Promesa does not just provide facilities for concurrent execution, but models them as Effect types, thus providing a very human friendly transition between the following:
-- start with f :: a -> b -- mapping it f' :: [a] -> [b] f'' :: [a] -> [Future b] -- map api-call+ [a] g :: [Future b] -> Future [b] -- all h :: Future [b] -> [b] -- deref
(Any Haskellers who want to shout at me or correct me for the mess I wrote here are welcome, I promise to correct it based on your feedback)
See the documentation
(require '[promesa.core :as p] '[promesa.exec :as exec]) (def xs (vec (range 32))) (defn api-call+ [ex x] (p/then (p/promise x) api-call! ex)) (def ex (exec/fixed-pool 4)) (def p (p/all (map (partial api-call+ ex) xs))) @p;; => [0 1 2 3 4 5 6 7 8 9 10 11 12 13 14 15 16 17 18 19 20 21 22 23 24 25 26 27 28 29 30 31]
Promesa Just Works and has light overhead, and would be my pick in most use cases.
Manifold
Manifold's deferred abstraction is pretty similar to Promesa's promises, with slightly higher overhead. It also offers a stream abstraction which isn't necessarily relevant for this discussion.
See the documentation
(require '[manifold.deferred :as d] '[manifold.executor :as e]) (def ex (e/fixed-thread-executor 4)) (defn manifold-api-call [ex x] (let [d (d/deferred ex) c (d/chain d #(future (api-call! %)))] (d/success! d x) c)) (def out (apply d/zip (mapv (partial manifold-api-call ex) (range 32))))
Summary
Similarities
Promesa and Manifold
both operate on deferred values, and have the option of lifting a sequence of deferred values into a single deferred value of the sequence.
Differences
Monads vs. Java
Promesa and Manifold are "up there" in a monadic world of effect types while the Java leaning implementations are more "just get things done" solutions. More mechanical.

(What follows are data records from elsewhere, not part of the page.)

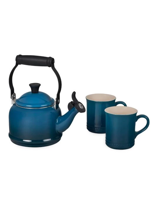 Bold and sophisticated kettle set complete matching mugs for a put-together look. Showcasing Le Creusets famous high-quality and charm.
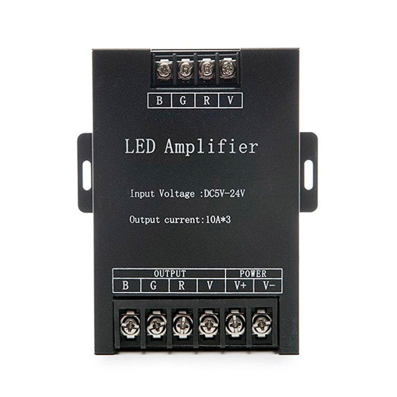 El amplificador RGB Pixel LED permite prolongar la longitud de metros lineales que se pueden instalar, logrando efectos mucho más homogéneos y a mayores distancias, sin necesidad de un tendido paralelo de cables.
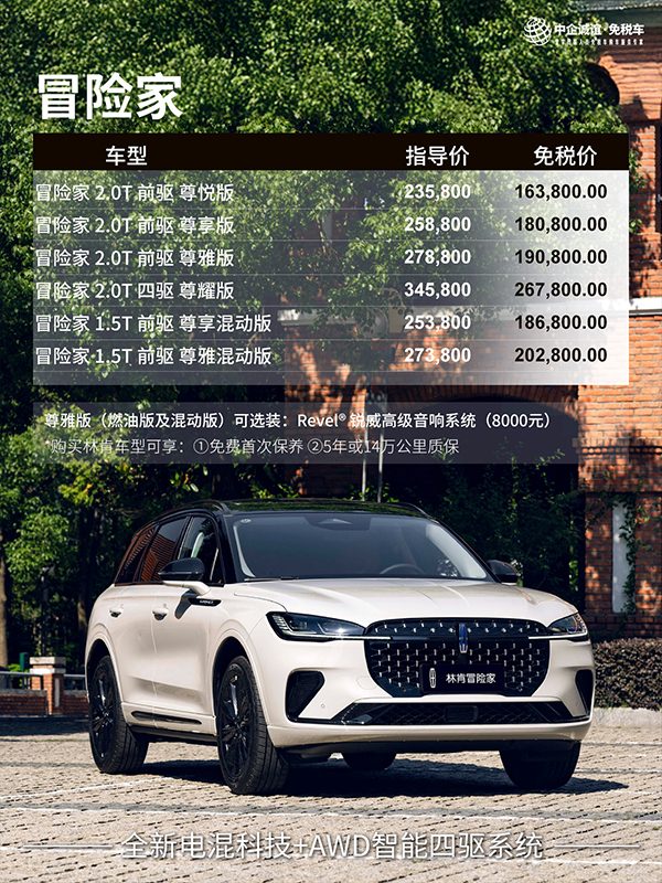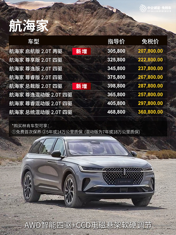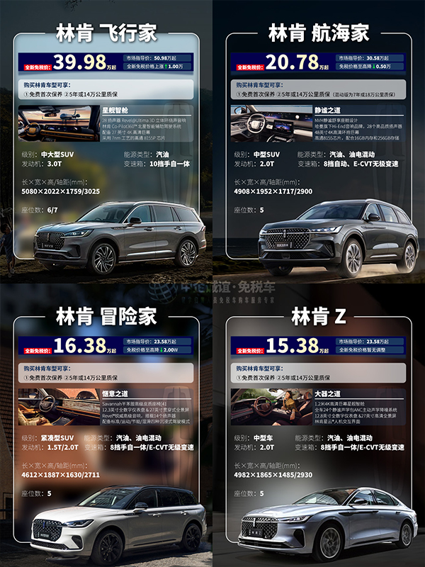 综上,林肯留学生免税车此次调价虽有分化,但整体仍贴合留学生需求。降价的冒险家、航海家进一步降低豪华入门门槛,林肯Z以超低底价保持竞争力,涨价的飞行家则凭高品质匹配其应有的价值。
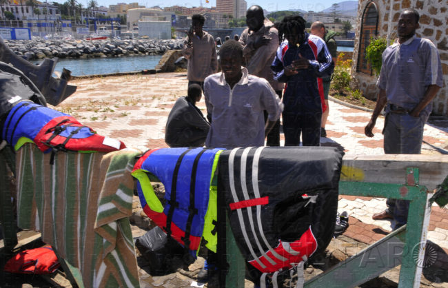 Los subsaharianos fueron trasladados hasta la base del Servicio Marítimo en el Puerto Deportivo, donde les esperaban los agentes del Instituto Armado. A pesar de que una unidad móvil de Cruz Roja acudió a la dársena para atender a los tripulantes ya en tierra, los agentes comunicaron que resultaba innecesario puesto que ninguno presentaba síntomas de hipotermia u otras dolencias que requirieran atención sanitaria. Aunque expresaban su gratitud a través de sus sonrisas, los subsaharianos no disimularon su decepción cuando conocieron que se encontraban en Ceuta y no en Tarifa ya que el objetivo de su periplo era la península. Los inmigrantes que se encuentran al otro lado de la valla, en territorio marroquí, mantienen contacto con sus compañeros a través de llamadas telefónicas y redes sociales, de modo que conocen las limitaciones a la libre circulación si recalan en Ceuta –hasta la resolución de sus expedientes administrativos–.
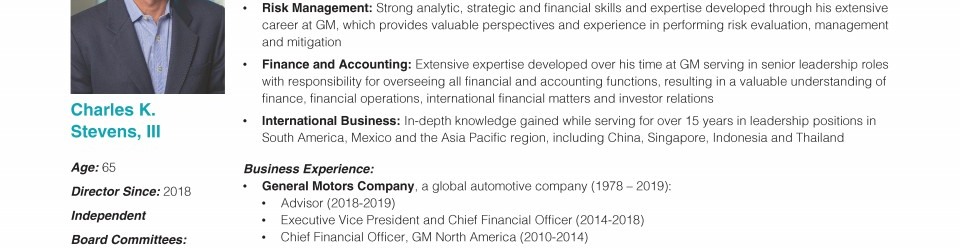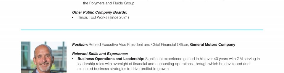 Review our director nominees' biographies, skills/qualifications, committees, and more in our interactive
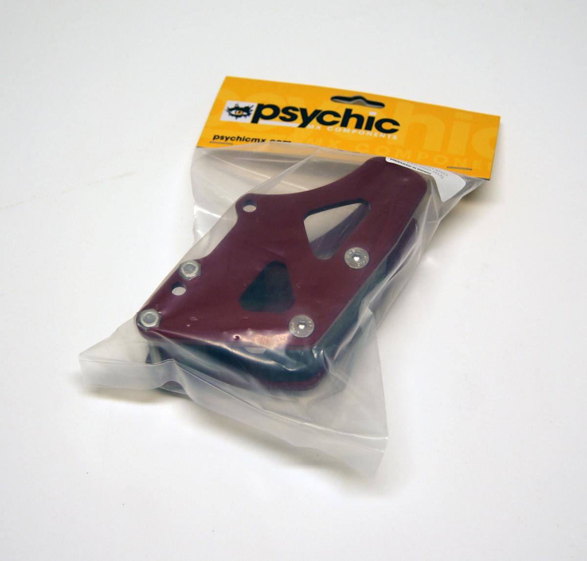 Psychic Chain Guides. Constructed from CNC machined high quality aluminium. Comes complete with a long wear chain guide and hardware.
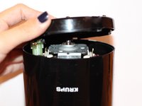 The base plate of the Krups F203 is deceptively difficult to remove. In order to access the parts on the inside, it is necessary to remove the base plate.
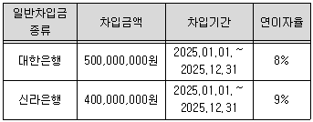 5. 다음은 ㈜아윤의 신축건물 건설과 관련된 자료이다. 당사의 결산일은 12월 31일이다. 2025년도 공사대금평균지출액(공사기간:2025.4.1.~2025.12.31.)은 500,000,000원이다. 특정차입금은 700,000,000원(연이자율 10%, 차입기간:2025.4.1.~2025.12.31.)이며 일반차입금은 아래 자료와 같다. 2025년도에 일반차입금의 자본화대상 차입원가는 얼마인가? (단, 이자비용은 월할상각한다.)
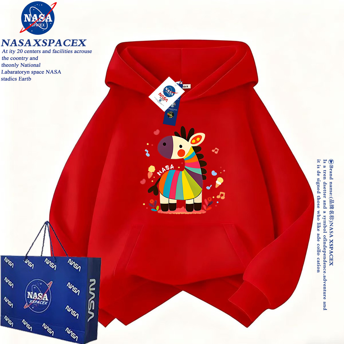 NASA联名加绒保暖连帽12岁本命年马年红色卫衣男童女童秋冬装外套
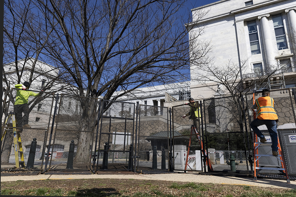 当地时间2021年3月20日,美国华盛顿特区,美国国会大厦外栅栏被拆除。此前,有政界人士批评国会大厦安全措施过度。随后,美国国会警察计划减少国会大厦周围的栅栏,并考虑缩减在该处的国民警卫队。图片来源:人民视觉
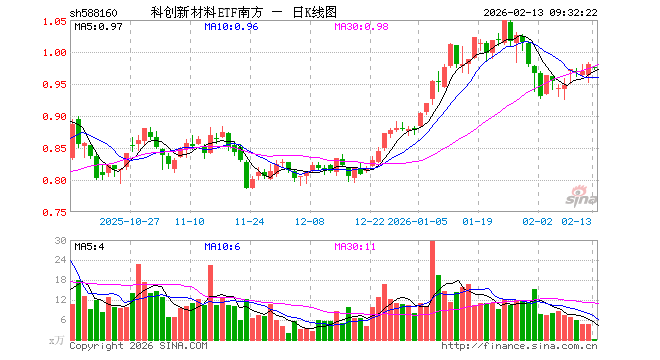 2月13日,科创新材料ETF南方(588160)开盘跌0.41%,报0.976元。科创新材料ETF南方(588160)重仓股方面,沪硅产业开盘跌0.15%,西部超导跌0.68%,安集科技跌1.37%,天岳先进跌0.35%,凯赛生物涨0.41%,容百科技跌0.97%,厦钨新能跌1.18%,斯瑞新材跌0.86%,嘉元科技涨0.30%,天奈科技跌0.47%。
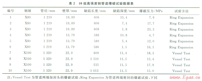 收集了10組含腐蝕缺陷的高強(qiáng)度管道的爆破試驗(yàn)數(shù)據(jù),本試驗(yàn)使用X80、Xl00高強(qiáng)度鋼材料[8-9],材料參數(shù)見表l。
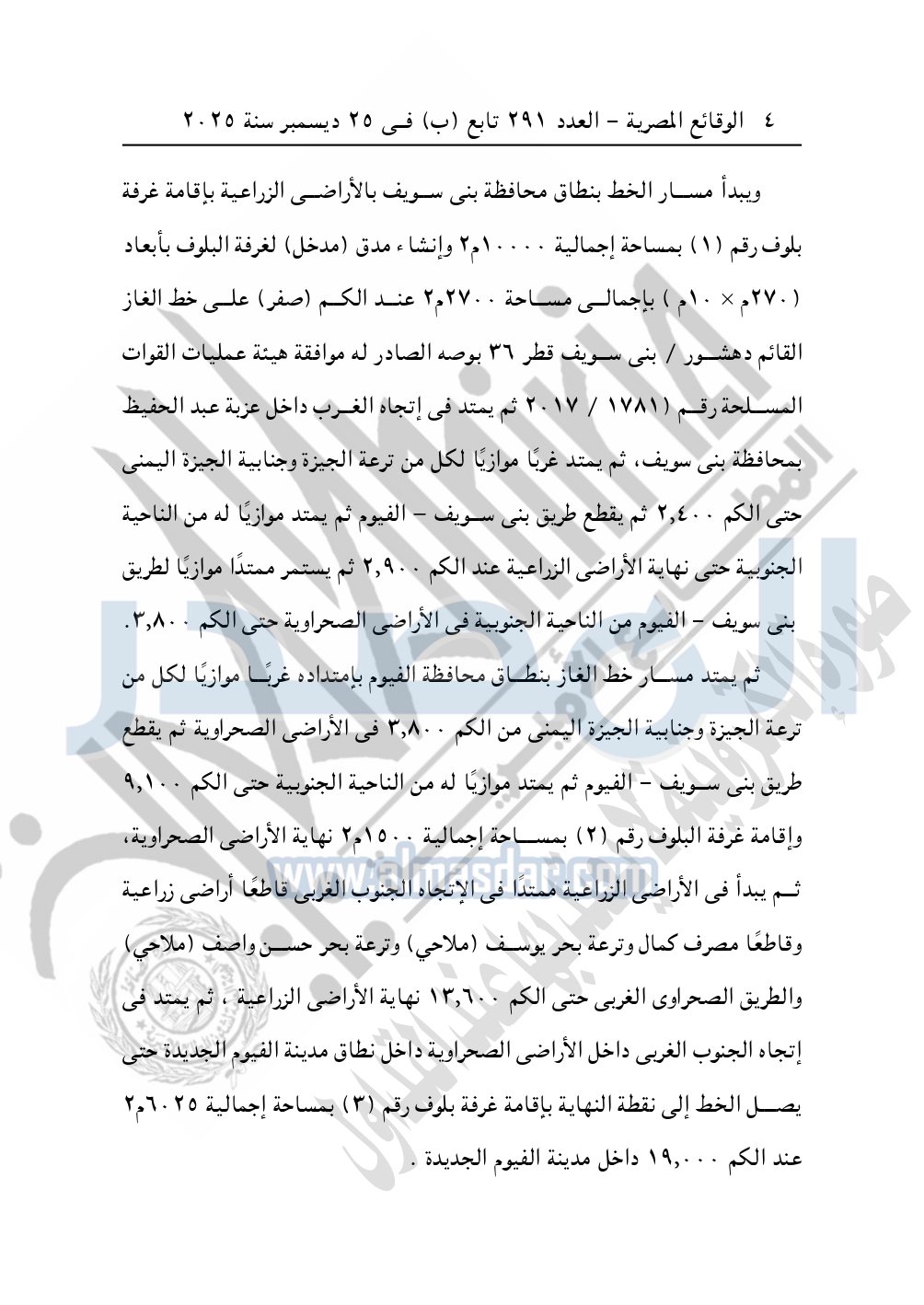 1- وصف مسار خط غاز خط بنى سويف - الفيوم الجديدة 24 بوصة بطول 19 كم تقريبًا وكذا إنشاء عدد "3" غرف بلوف.

core.async vs. everything else
The core.async solutions is the most mechanical and out of the common abstractions which already exist in Clojure (map, executors).
Retrospective
The Clojuriest
Of all available solutions the most Clojure-y ones are definitely tolitius/lasync and TheClimateCorporation/claypoole. Claypoole especially provides an almost drop-in replacement for your bad code.
This should probably be your go-to option when trying to clean up
any misuses of pmap
, doall
, or any other idiosyncrasies.
The comfiest
I have to admit I like Promesa. The abstraction is comfortable and
lends itself well to a code base which relies on asynchronous
computation. It also plays well with funcool's other library,
cats
, which implements category theory concepts in Clojure.